16.8.07

Atacado Absoluto

Nos acostumamos com a máxima de que tudo é relativo, e é. Não sei se a teoria exige que exista, de qualquer forma, um absoluto. Na religião, como me disse há pouco um amigo que perdeu um filho, não se deve cobrar a existência de Deus, pois, de fato, Ele não existe, Ele é.

Outro absoluto é a morte, da qual falo hoje. No dia 10 de julho, ela visitou minha casa e levou minha mãe. Não tardou 48 horas, voltou para buscar o dentista da minha infância, primo de meu pai. Não satisfeita, esperou o relógio cumprir mais 24 horas e derrubou outro primo mais distante. Eu já dizia que ela atuava no atacado, uma comerciante de quantidades, quando morreu o Bolinha, um sujeito pertencente ao meu círculo afetivo, que durante anos, lá no interior de Minas, fez um excelente sanduíche de carne.
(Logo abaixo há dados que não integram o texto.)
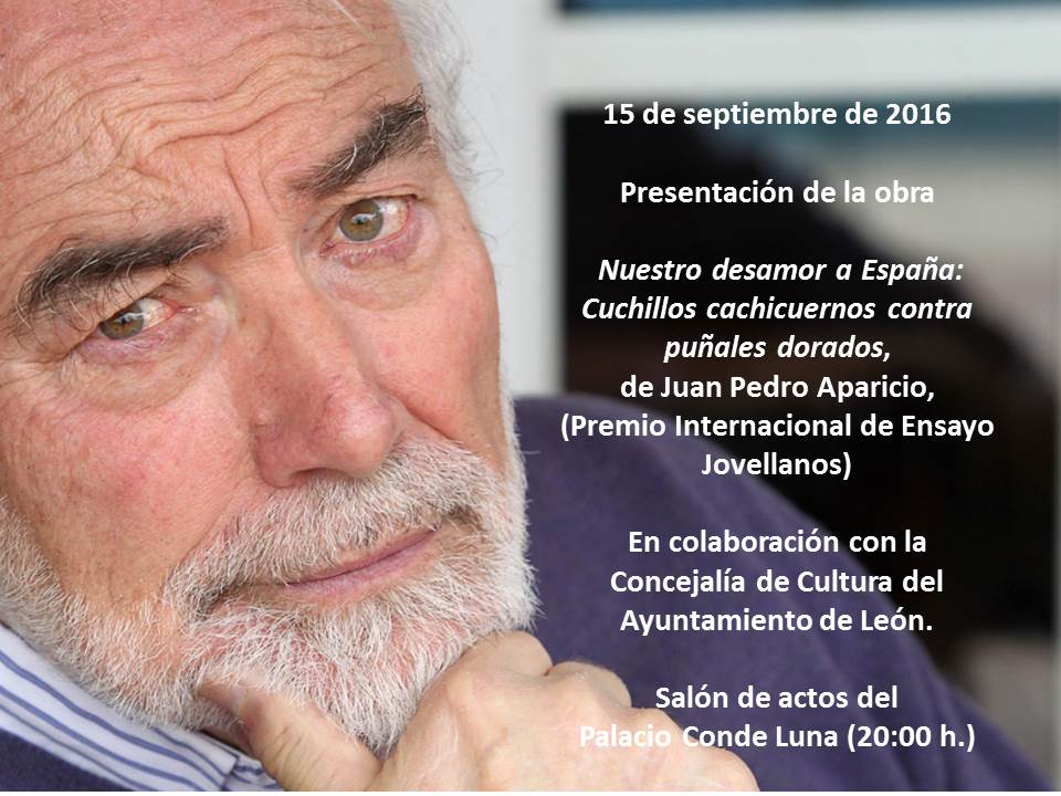 El Salón de Actos del Palacio Conde Luna de León acogerá a las 20:00 horas la presentación de la obra ‘Nuestro desamor a España: Cuchillos cachicuernos contra puñales dorados’, del escritor Juan Pedro Aparicio, en un acto que contará con la presencia del autor, y en el que intervendrá el director de la Biblioteca de la Universidad de León (ULE), Santiago Asenjo, y el profesor Eduardo Fuentes Ganzo.

Então veio a tragédia de São Paulo. Nem a morte nas mãos do Saramago agiu com tanta objetividade e frieza. Aliás, para dizer a verdade, a morte nas letras do Saramago foi personagem de um romance menor (“Intermitências da Morte”, Companhia das Letras) do homem que deu vida humana a Jesus Cristo em seu belíssimo “Evangelho Segundo Jesus Cristo”. Mas deixemos a crítica de lado e voltemos à morte. Ninguém volta à morte, bem sei, porém acho que vocês entendem o que quero dizer.

Sem exagero, a tragédia de São Paulo tornou todas as demais mortes coisas menores. Vivos, transitamos no mundo da relatividade. A morte de minha mãe é, em mim, uma dor que, como a deixada por meu pai, amainará hoje para voltar amanhã. Não latejando, mesmo assim será dor, conheço dessa matéria. Porém mamãe viveu quase 84 anos, foi feliz com meu pai, teve quatro filhos que se formaram e nenhum de nós é malandro, escroque ou mau irmão. Enfim, mamãe viveu uma vida e deixou frutos dignos do seu amor. Logo, choro sua morte, mas me conformo, assim como me conformo com a dos outros amigos que se foram logo a seguir.

Difícil é suportar a morte dos que desciam em São Paulo, indo, quem sabe, visitar um amigo, fazer um exame, pegar outro avião para visitar familiares, gente que daria prosseguimento à vida. Decerto morreram por alguma causa que se explicará muito bem (falha humana, falha mecânica, defeito na pista, seja lá o que for), mas que não apagará as questões políticas que estão atreladas à matéria da aviação no Brasil desde o acidente entre o avião da Gol e o Legacy. Torçamos para que se chegue à conclusão técnica e se tomem as providências necessárias para que isso não se repita.





Este julho de 2007 foi mês em que a morte atuou no atacado. Saiu das esquinas, onde estende sua mesinha de camelô e, montada num caminhão de último tipo, desses com letreiro chamativo, foi arrastando as pessoas de roldão. Não há o que discutir com ela; nem com Deus. É preciso, sim, discutirmos entre nós, valorizarmos nossas vidas e nosso convívio comum. Com urgência.


Enquanto isso, vou aprendendo a ser órfão de pai e de mãe, nesse mundão sem fim, cada dia mais apertado.